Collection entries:
__________________________________________________

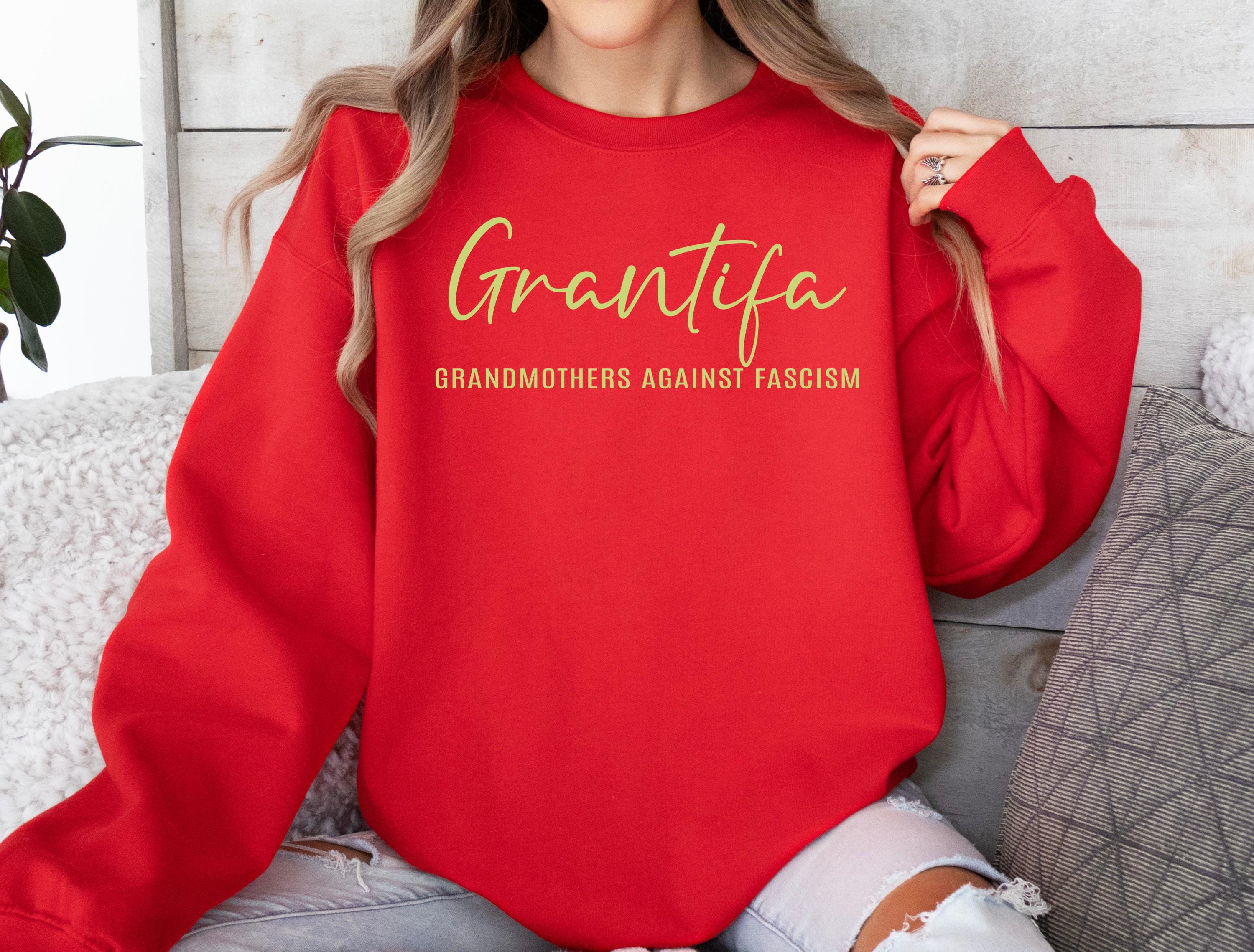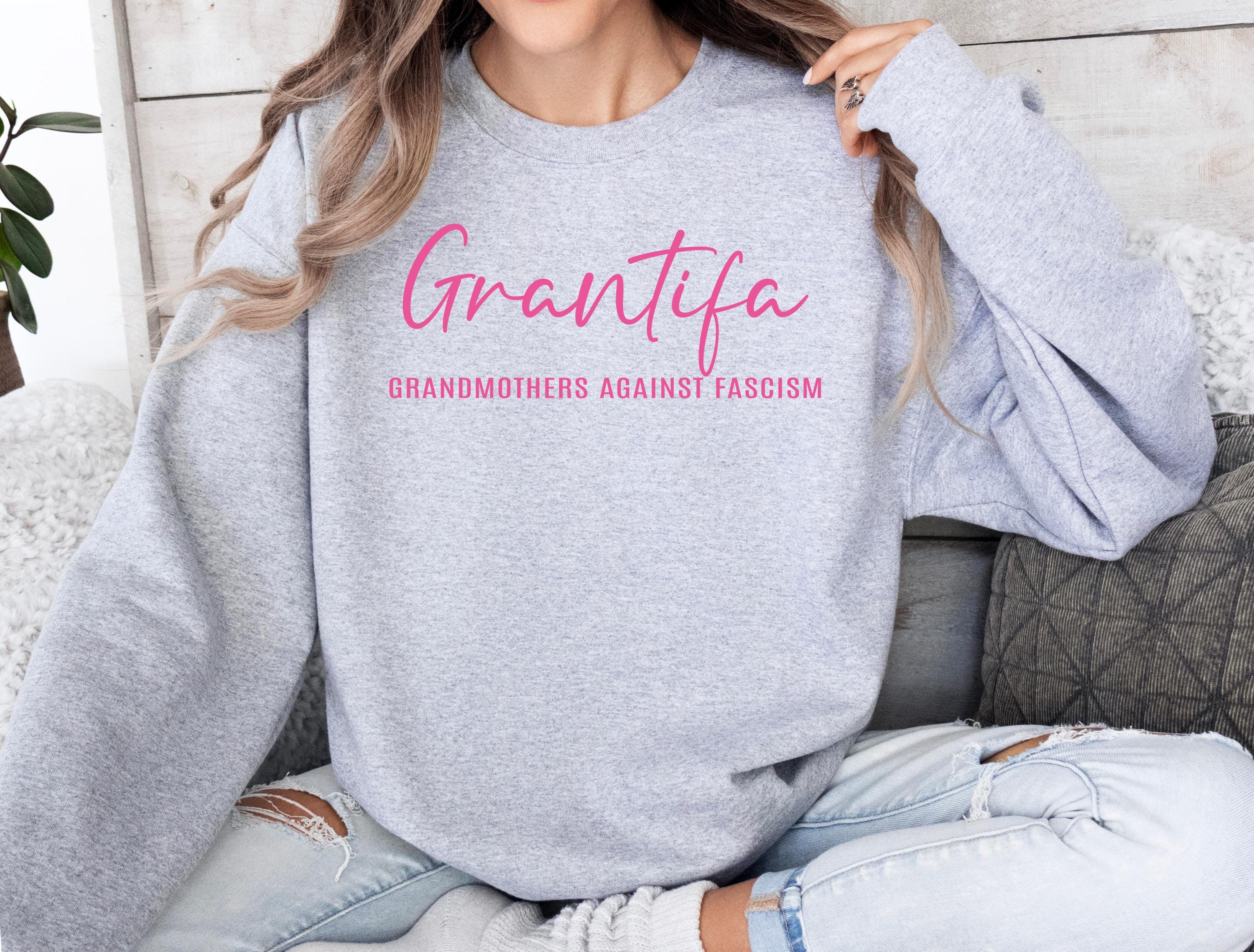 Show your activist side with this Grantifa – Grandmothers Against Fascism sweatshirt 💕 A bold and witty statement for strong, caring, and outspoken grandmothers who believe in equality and kindness.
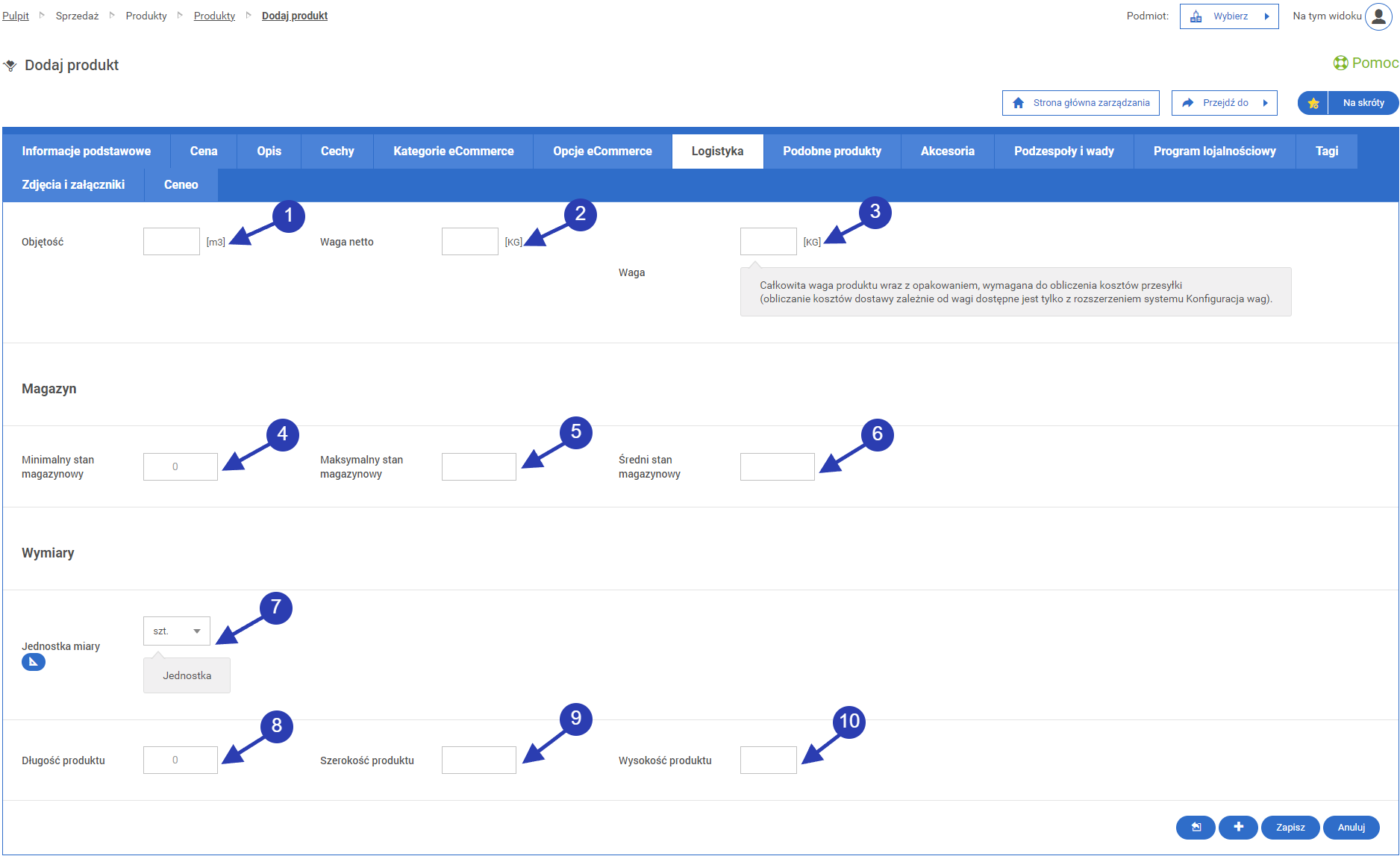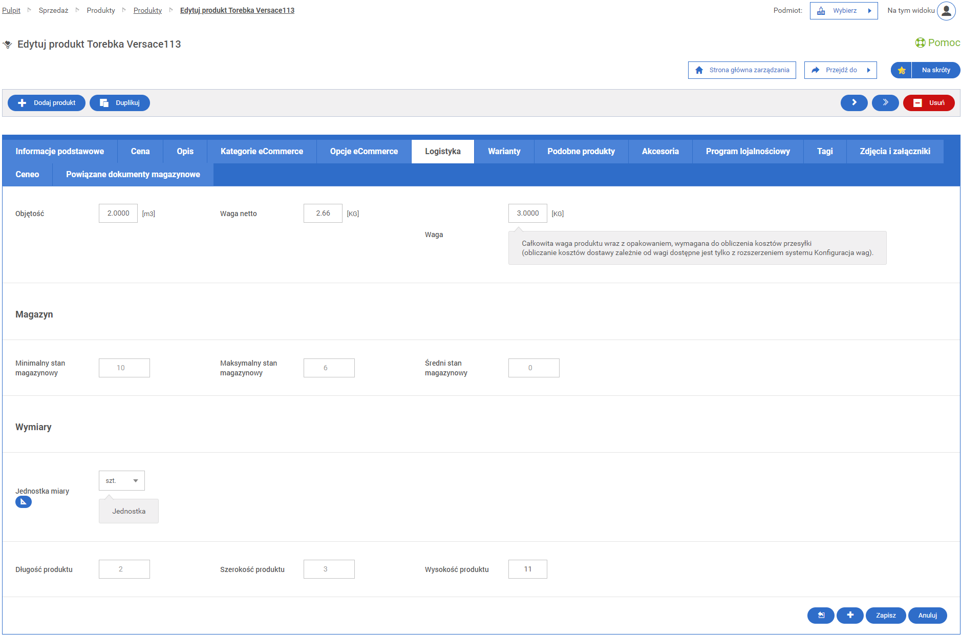 W oknie edycji produktu, w zakładce "Logistyka" zawarte są aktualne informacje o wadze, objętości i jednostce miary produktu. Okno edycji pozwala na modyfikację tych pól.
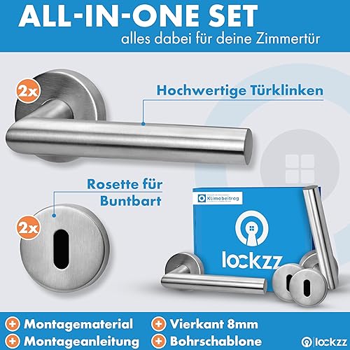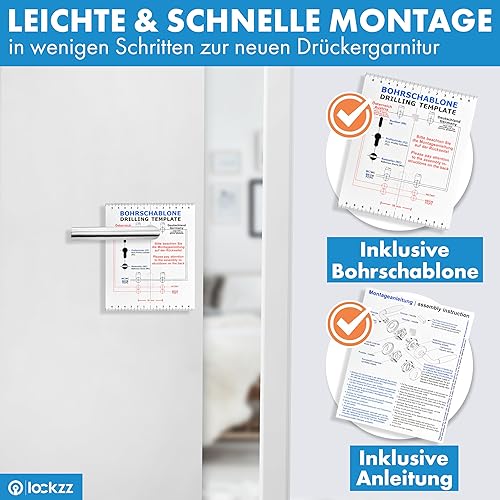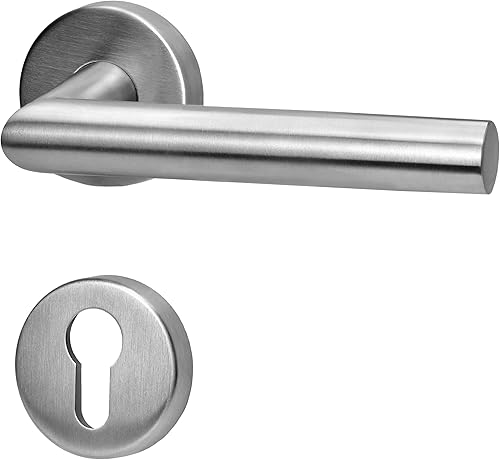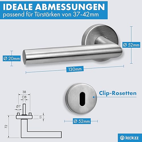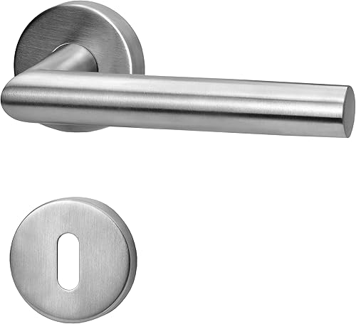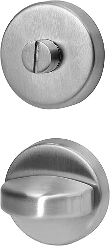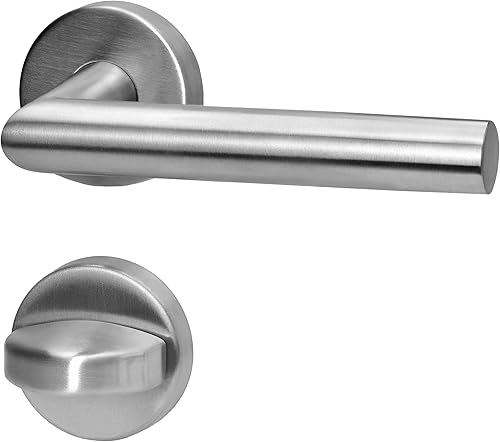 lockzz Türgriff Drückergarnitur Würzburg, Edelstahl matt gebürstet, Türbeschlag für Badezimmertüren, Rund-Rosette, L-Form, WC - Badezimmer
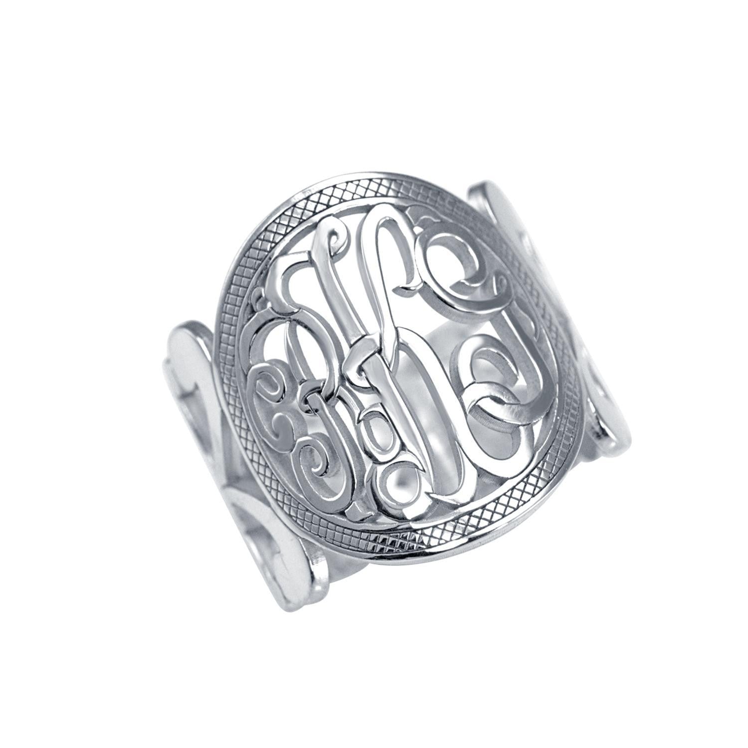 A gold monogram ring, personalized with your encircled initials features delicate rope detailing and curved fixtures for that nautical look. Each monogram is hand drawn with your initials and then fashioned out of .925 sterling silver, or .925 sterling silver dipped in gold. Measures 18mm (.71"). Available in sizes 5-12.
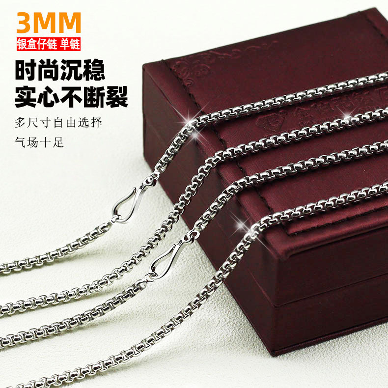 s925纯银盒仔链男女士项链帅气锁骨链时尚百搭吊坠链子长款毛衣链
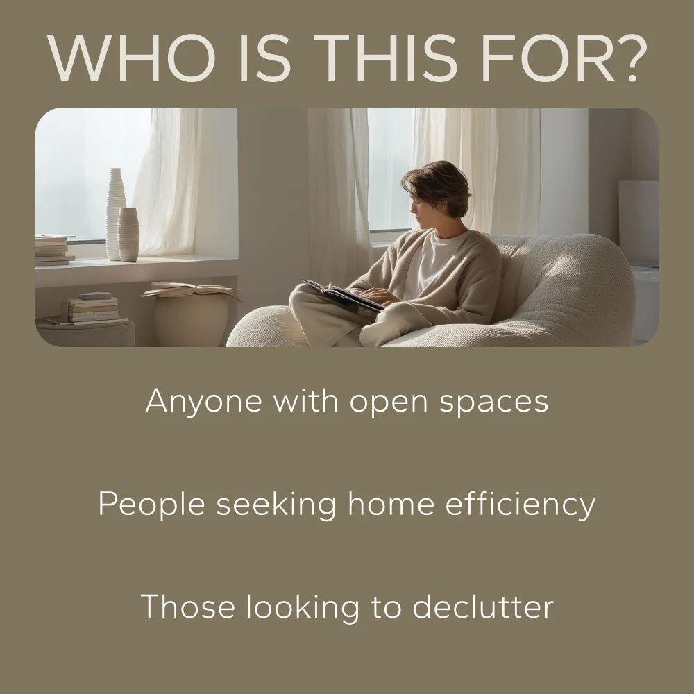 Unlike other generic design guides, this 3-in-1 bundle is specifically tailored to open living spaces. It combines practical, actionable tips with a focus on maximizing space and enhancing flow. Whether you’re working with a cramped apartment or a sprawling room, this bundle gives you personalized strategies to make your home feel open, inviting, and functional.
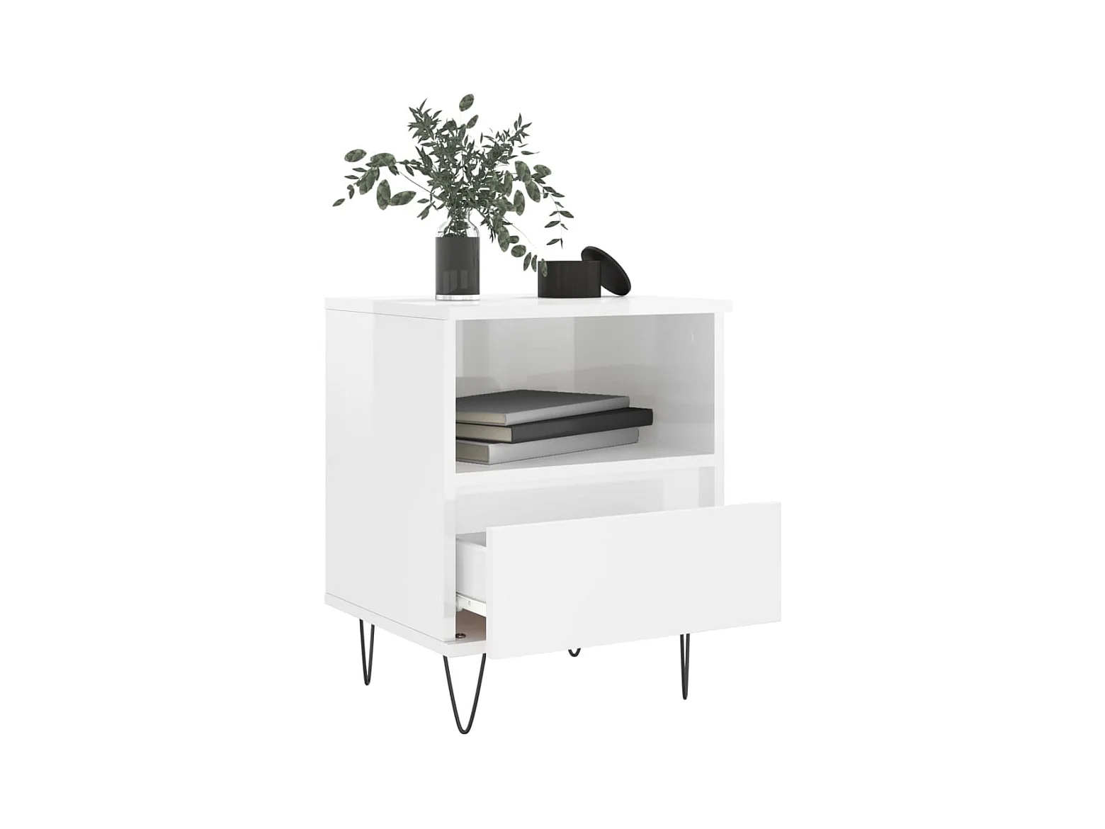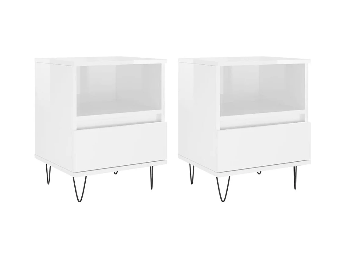 Mesita de noche | Mesilla de noche 2 uds madera ingeniería blanco brillo 40x35x47,5cm
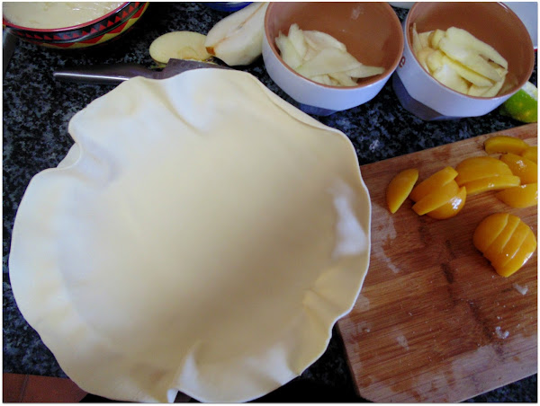 Engrasamos nuestro molde con un poco de aceite vegetal o mantequilla y montamos la masa de hojaldre. Con un tenedor pinchamos en la base y en los laterales. Sólo un poco, no hace falta taladrar la masa! Pelamos las manzanas, el quitamos el corazón y cortamos por la mitad. Troceamos en rodajas. Los melocotones sencillamente los cortamos en rodajas también.

__________________________________________________

Exercise -> Restate word for word the lines of the data above that begin at the line with "A gold monogram" and end at the line with "s925纯银盒仔链男女士项链帅气锁骨链时尚百搭吊坠链子长款毛衣链", keeping both ends and dropping every picture.

Answer ->
 A gold monogram ring, personalized with your encircled initials features delicate rope detailing and curved fixtures for that nautical look. Each monogram is hand drawn with your initials and then fashioned out of .925 sterling silver, or .925 sterling silver dipped in gold. Measures 18mm (.71"). Available in sizes 5-12.
 s925纯银盒仔链男女士项链帅气锁骨链时尚百搭吊坠链子长款毛衣链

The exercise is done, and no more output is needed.